Inge no deja de amar a su esposo y esta situación le resulta contradictoria. Por un lado se siente más joven, pero por el otro se angustia. La manera de resolver esta disyuntiva es la que el cineasta Andreas Dresen pone en boca de su protagonista, el plantearse de qué manera se puede alcanzar una nueva forma de ser feliz sin abandonar los afectos de toda la vida. Dresen parece empeñado en querer demostrar que el sexo sigue existiendo incluso cuando los cuerpos ya no son dignos de las tapas de las revistas.
No es fácil encarar este tipo de historias, protagonizadas por sexagenarios y septuagenarios que generan más de una polémica, cuando se trata de temas como el amor y hasta el sexo tardío. Hay cuestiones que tienen que ver con prejuicios y hasta con conceptos estéticos que hacen difícil que propuestas como la de Dresen puedan concretarse con buenos resultados. En este caso, la sensibilidad, la calidez con la que se describen personajes y situaciones, algunas de un tono fuerte no obstante siempre con cuidada discreción, le permitieron a Wolke Neun (la novena nube, equivalente al séptimo cielo del erotismo) llevarse el premio de Una cierta mirada, en Cannes, y el del Festival de Trieste.
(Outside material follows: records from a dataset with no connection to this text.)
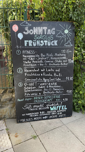 Wir haben kurzfristig vorher angerufen und erfragt, ob noch Platz für vier Personen ist. Der telefonische Kontakt war freundlich, die Mitarbeiterin hat in unserem Sinne mitgedacht und wir haben bei gutem Wetter einen schönen Tisch draußen unterm Schirm bekommen. Die Bestellung des Essens gestaltete sich dann etwas schwieriger. Die Auswahl der Frühstücke ist begrenzt (siehe Foto). Zwei von uns wollten gerne mehrere Frühstücke kombinieren. Dies war ansatzweise möglich, allerdings stellte sich schnell heraus, dass derartige Flexibilität nicht vorgesehen bzw. gewünscht ist vom Mitarbeiter (Chef?). Als Halb genervt kam ein Verweis auf noch viele zu erwartende Gäste (die, Anm. des Verfassers, ja aber noch gar nicht da waren und auch nicht kamen, obwohl wir dort über eine Stunde verbrachten). Irritierend fanden wir in dem Zusammenhang, dass dieselbe Bedienung (der Chef?) sich zwischenzeitlich selbst mit einem Snack für mindestens 15 min draußen für eine Pause auf die Fensterbank setzte. In dieser Zeit kamen mehrere Gäste neu hinzu, wurden aber z.T. nicht bedient, weil die zweite Bedienung nicht hinterher kam. Diese war sehr bemüht und freundlich.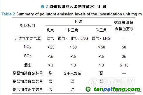 由于國家標(biāo)準(zhǔn)中關(guān)于燃?xì)廨啓C(jī)發(fā)電機(jī)組的SO2和煙塵的排放限值遠(yuǎn)高于實(shí)際排放水平,所以為了解相關(guān)標(biāo)準(zhǔn)實(shí)施后的實(shí)際排放水平,本文采用實(shí)地交流和發(fā)放問卷方式對中國典型地區(qū)的燃?xì)怆姀S進(jìn)行了環(huán)?,F(xiàn)狀調(diào)研,主要污染物排放水平匯總?cè)绫?所示。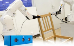 Le matériel du robot est conçu de façon à « ressentir » la manière dont les humains assemblent les objets : les « yeux » sont remplacés par une caméra 3D et les « bras » par des bras industriels robotisés capables de bouger selon six axes. Chaque bras est muni de pinces parallèles pour pouvoir saisir des objets. Des capteurs de force sont installés au niveau des poignets. Ils déterminent la force de saisie des « doigts » et la force de contact des objets requise. Le robot démarre le processus de montage en prenant des clichés 3D des éléments posés au sol de manière à créer une carte des positions estimées des différents composants.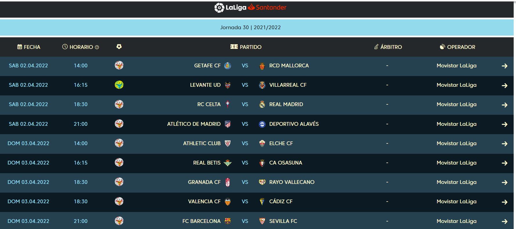 La liga ya ha dado a conocer el horario correspondiente a la jornada 30 del campeonato liguero en primera división frente al Athletic. El encuentro se disputará el domingo 3 de abril a las 14 de la tarde en el estadio de San Mamés.
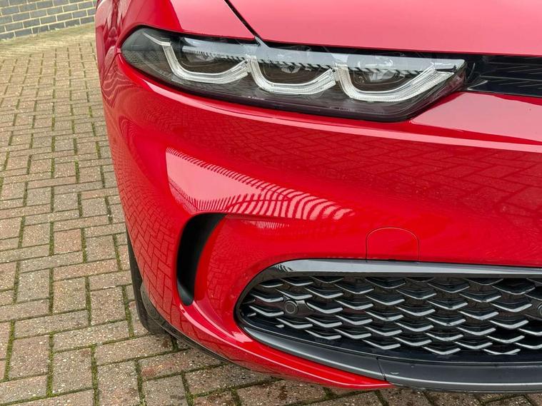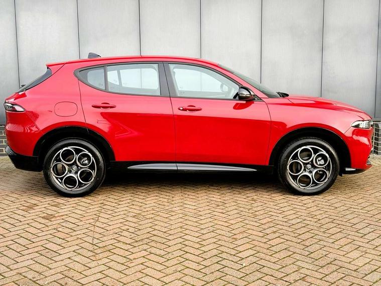 Adaptive cruise control with Stop and Go, Alfa connect box, Alfa connect services, Alfa dna with esc off (3 modes + esc off), Apple car play/Android Auto, Drowsy driver detection, e-Call (emergency call), Forward collision warning, Full tft instrument cluster - 12.3", Intelligent speed assist, Lane support system, PAS, Passive / keyless entry (front doors), Qiuick guide in english, Speed limiting device, Traffic sign recognition (w/navigation), Warranty handbook uk, Wireless charging pad, 10.25" radio touchscreen, usb, bluetooth audio streaming, voice controls with navigation, DAB digital audio broadcast, 4 Interior puddle lights, Auto headlamps with dusk sensor, Auto high beam, Auto wipers with rain sensor, Auto-dimming rear internal mirror, Black painted mirror caps, Body colour door handles, Body colour rear spoiler, Chrome finishing tonale badge, Electric exterior mirrors (heated), Electrical-folding exterior mirrors, Front and rear power windows with auto up/down and antipinch, Full LED rear lamps, Gloss black painted body kit w/ Black side and front inserts and skidplate, LED blade stop light, LED cornering projector light, LED license plate light, Matrix full led headlamps with adaptive system and fog light function, Rear side wing doors, Rear wiper, Roof, hood and exterior mirrors protection, Shark fin antenna, U shaped LED blades DRL signature and dynamic turn indicator, V front bezel black, Welcome/leaving lighting, 12v plugs in the front and in trunk, 60/40 Rear seats with ski pass, Alfa logo electrowelded on headrest, Black ceiling and pillars, Bottle storage 1l on door panel, Centre armrest with dark grey stitching, Door armrest with biscotto stitching, Dual zone air conditioning with aqs (with rear airvents), Front armrest (integrated in the central tunnel), Front headrests, Front usb plug type a + c (charge + data), Front/rear floor mats, Metallic pedals, Mono colour ambient light (included in domelamp), Overhead console with domelamp led and switches, Rear central armrest and 3 headrests, Rear usb plug type a + c (charge), Scoba shark black grain PVC centre armrest, Scoba shark black grain PVC upper door panel and armrest, Seat belt height adjustment, Single front passenger seat, Sport leather steering wheel with start button, Sunvisor mirror with light (driver and passenger), 6 airbags, ABS, Autonomous emergency braking inter-urban, Electric parking brake with autohold, Emergency braking pedestrian and vulnerable road users - interurban, ESP, Manual rear child locks, Rear seatbelt reminder alert, Three 3 point rear seatbelts, Tyre pressure monitoring system (TPMS), Capless fuel filler, Keyless Go, Vehicle theft alarm with hood protection and intrusion sensor (thatcham), Backlight film graphic dashboard insert, Biscotto stitching on dashboard, Scuba shark black grain PU dashboard, Black and white alfa romeo logo center wheel caps, Fix and go puncture repair kit, Summer tires,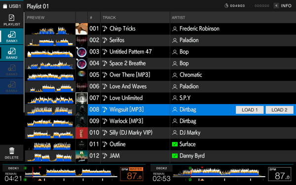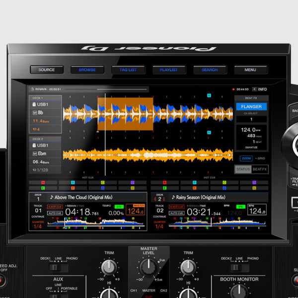 The 10.1-inch touch screen on the XDJ-RX3 delivers a higher resolution and frame rate than the previous model and features a brand-new interface for quick music browsing and easy effects control. The new all-in-one system inherits the flagship CDJ-3000’s browse section for intuitive playlist navigation. With the new Playlist Bank feature, artists can rapidly access their four favorite playlists at a single touch, while Touch Preview enables artists to listen to any part of a track without loading it to the deck. Artists can switch between viewing the pad status or Beat FX and the X-Pad with one tap on the screen.

Por momentos algo reiterativa, no obstante siempre encuadrada con notable prolijidad, esta página a propósito de dilemas morales acredita actuaciones memorables. Werner, su figura central, de larga trayectoria en el cine y el teatro de la ex Alemania del Este, cumple un papel fundamental a la hora de dar al relato el tono dramático justo, igual que el grupo de actores que la secundan, tan veteranos como ella, conscientes de qué es lo que sus personajes necesitan transmitir sin caer en el ridículo ni en el mal gusto. No es sencillo, sin embargo lo consiguen, y el público (no importa su edad) seguramente sabrá agradecerlo.